Named Public Television’s Programmer of the Year in 1995, Flaster’s documentaries have appeared as part of the PBS national schedule. His radio work has received first-place honors for journalistic excellence in radio economic and feature reporting from the Southern California Radio/Television News Director’s Association and from the San Diego Press Club. And his work as a television executive producer also has been recognized three times with first-place honors by the Southern California Radio/Television News Director’s Association.

Flaster’s other accolades include a Golden Eagle International Film Award from the Council on International Nontheatrical Events for a PBS surfing documentary, a duPont/Columbia Television Silver Baton Award, two Ohio State Awards, first-place honors from the Ohio Associated Press for large market news reporting and top honors from the American and Ohio bar associations for legal affairs broadcasting.
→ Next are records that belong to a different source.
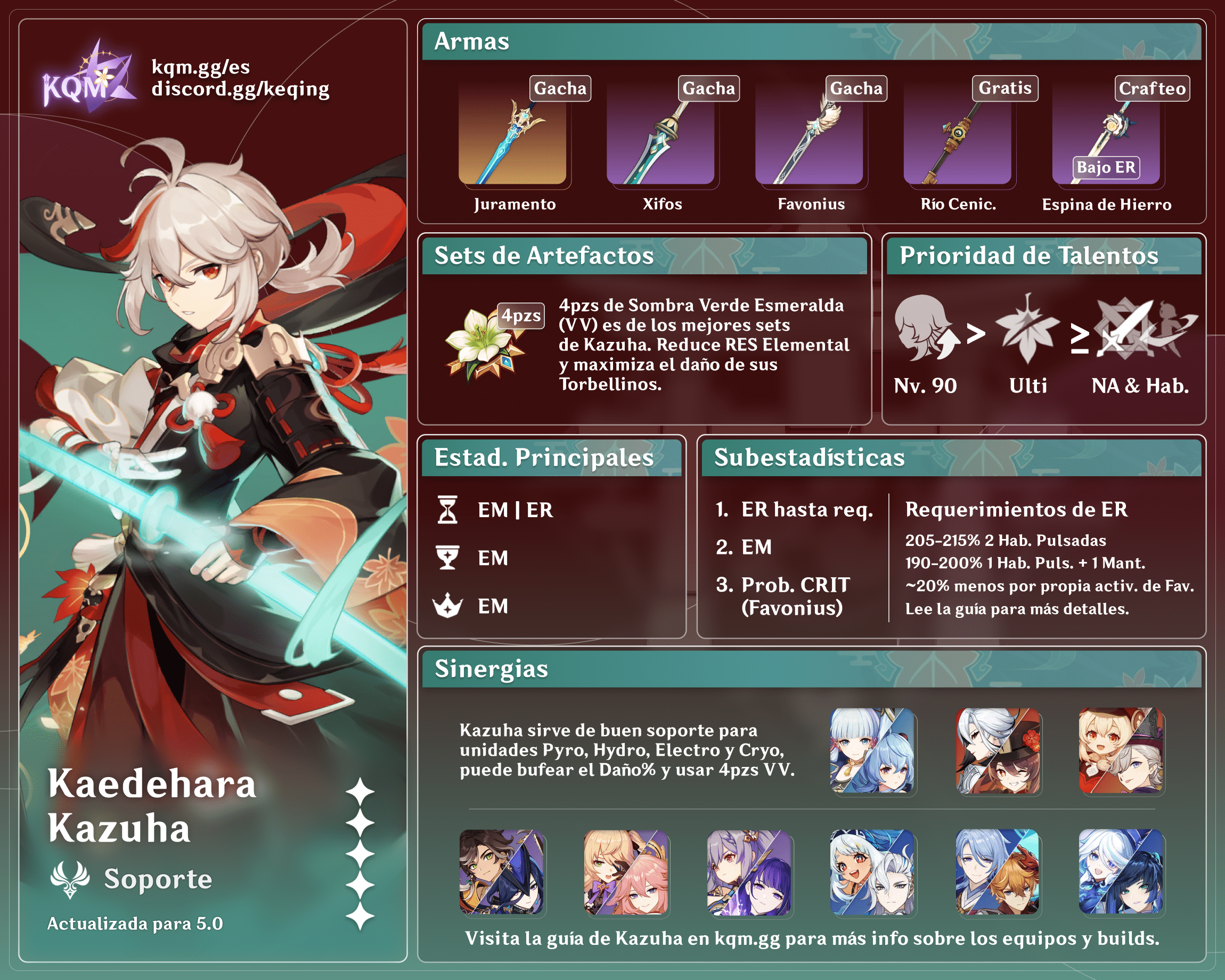 Kazuha es un personaje Anemo de espada de 5 estrellas que provee control de masas, bufos al equipo, y aplicación Elemental. En esta guía vas a aprender sobre sus mejores builds, armas, artefactos, y equipos.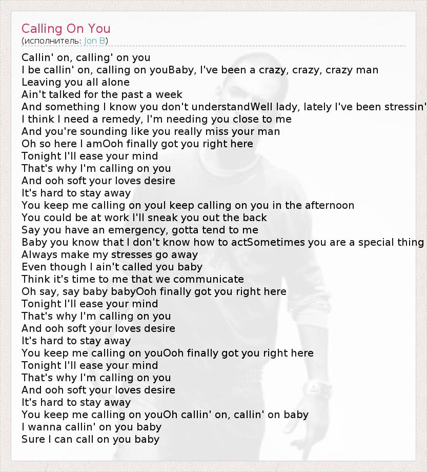 Callin' on, calling' on you I be callin' on, calling on youBaby, I've been a crazy, crazy, crazy man Leaving you all alone Ain't talked for the past a week And something I know you don't understandWell lady, lately I've been stressin' I think I need a remedy, I'm needing you close to me And you're sounding like you really miss your man Oh so here I amOoh finally got you right here Tonight I'll ease your mind That's why I'm calling on you And ooh soft your loves desire It's hard to stay away You keep me calling on youI keep calling on you in the afternoon You could be at work I'll sneak you out the back Say you have an emergency, gotta tend to me Baby you know that I don't know how to actSometimes you are a special thing Always make my stresses go away Even though I ain't called you baby Think it's time to me that we communicate Oh say, say baby babyOoh finally got you right here Tonight I'll ease your mind That's why I'm calling on you And ooh soft your loves desire It's hard to stay away You keep me calling on youOoh finally got you right here Tonight I'll ease your mind That's why I'm calling on you And ooh soft your loves desire It's hard to stay away You keep me calling on youOh callin' on, callin' on baby I wanna callin' on you baby Sure I can call on you baby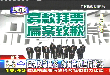 民進(jìn)黨3支廣告里都有密碼,第一波擦亮招牌,最經(jīng)典的鞠躬畫面,代表誠意募款,更隱含著對風(fēng)風(fēng)雨雨的扁案,那沒說出口的歉意。蔡英文在廣告中表示:“我們經(jīng)常被問,民進(jìn)黨的理想性是否仍在?”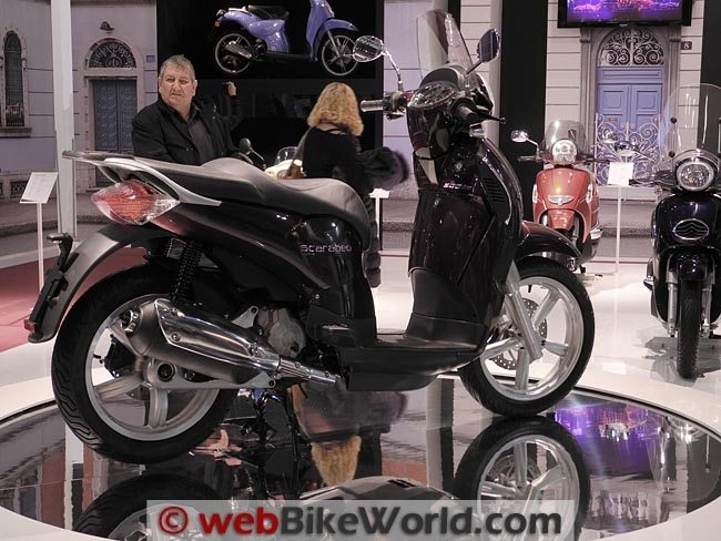 The brands include Piaggio, Vespa, Aprilia, Moto Guzzi, Gilera and Derbi. The SFKATAS (The Scooter Formerly Known As The Aprilia Scarabeo) is now its own brand also, simply called “Scarabeo”. It had a separate display also.
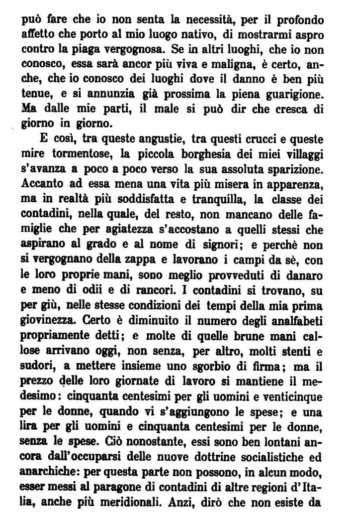 E così, tra queste angustie, tra questi crucci e queste mire tormentose, la piccola borghesia dei miei villaggi s'avanza a poco a poco verso la sua assoluta sparizione. Accanto ad essa mena una vita più misera in apparenza, ma in realtà più soddisfatta e tranquilla, la classe dei contadini, nella quale, del resto, non mancano delle famiglie che per agiatezza s'accostano a quelli stessi che aspirano al grado e al nome di signori; e perchè non si vergognano della zappa e lavorano i campi da sè, con le loro proprie mani, sono meglio provveduti di danaro e meno di odii e di rancori. I contadini si trovano, su per giù, nelle stesse condizioni dei tempi della mia prima giovinezza. Certo è diminuito il numero degli analfabeti propriamente detti; e molte di quelle brune mani callose arrivano oggi, non senza, per altro, molti stenti e sudori, a mettere insieme uno sgorbio di firma; ma il prezzo delle loro giornate di lavoro si mantiene il medesimo : cinquanta centesimi per gli uomini e venticinque per le donne, quando vi s'aggiungono le spese; e una lira per gli uomini e cinquanta centesimi per le donne, senza le spese. Ciò nonostante, essi sono ben lontani ancora dall'occuparsi delle nuove dottrine socialistiche ed anarchiche: per questa parte non possono, in alcun modo, esser messi al paragone di contadini di altre regioni d'Italia, anche più meridionali. Anzi, dirò che non esiste da

He was recognized as one of the “Top 50 San Diegans to Watch” in 1996 by San Diego magazine and was honored with a first-place award by Northern Ohio Live magazine for his work as a producer of National Public Radio’s live, two-day Statue of Liberty centennial broadcasts from New York City in 1986.

Still, Flaster said his proudest accomplishment is the community building that occurred at the four stations he managed. One of those stations is WSUC-FM at SUNY Cortland.

“I think radio and the media have the opportunity, when they’re really done well, to bind communities, to bring talent and ideas together in some very creative and dignified ways,” he said. “I’ve had the opportunity to do that at four stations, and I think the communities have been better off for it.”

Flaster has served as the president of the San Diego Center for Jewish Culture, chair of the San Diego United Jewish Federation’s Community Relations Council and vice president of the Lawrence Family Jewish Community Center. He also previously assumed the roles of board president of the San Diego Visual Arts Foundation, vice president of LEAD San Diego and board member of the Public Radio Program Director’s Association.

Flaster said he opts for volunteer work that’s meaningful to him, just like his consultation projects and speaking engagements. That includes his visit to the College this week.

“I’ll hopefully end up learning as much as the students,” he said.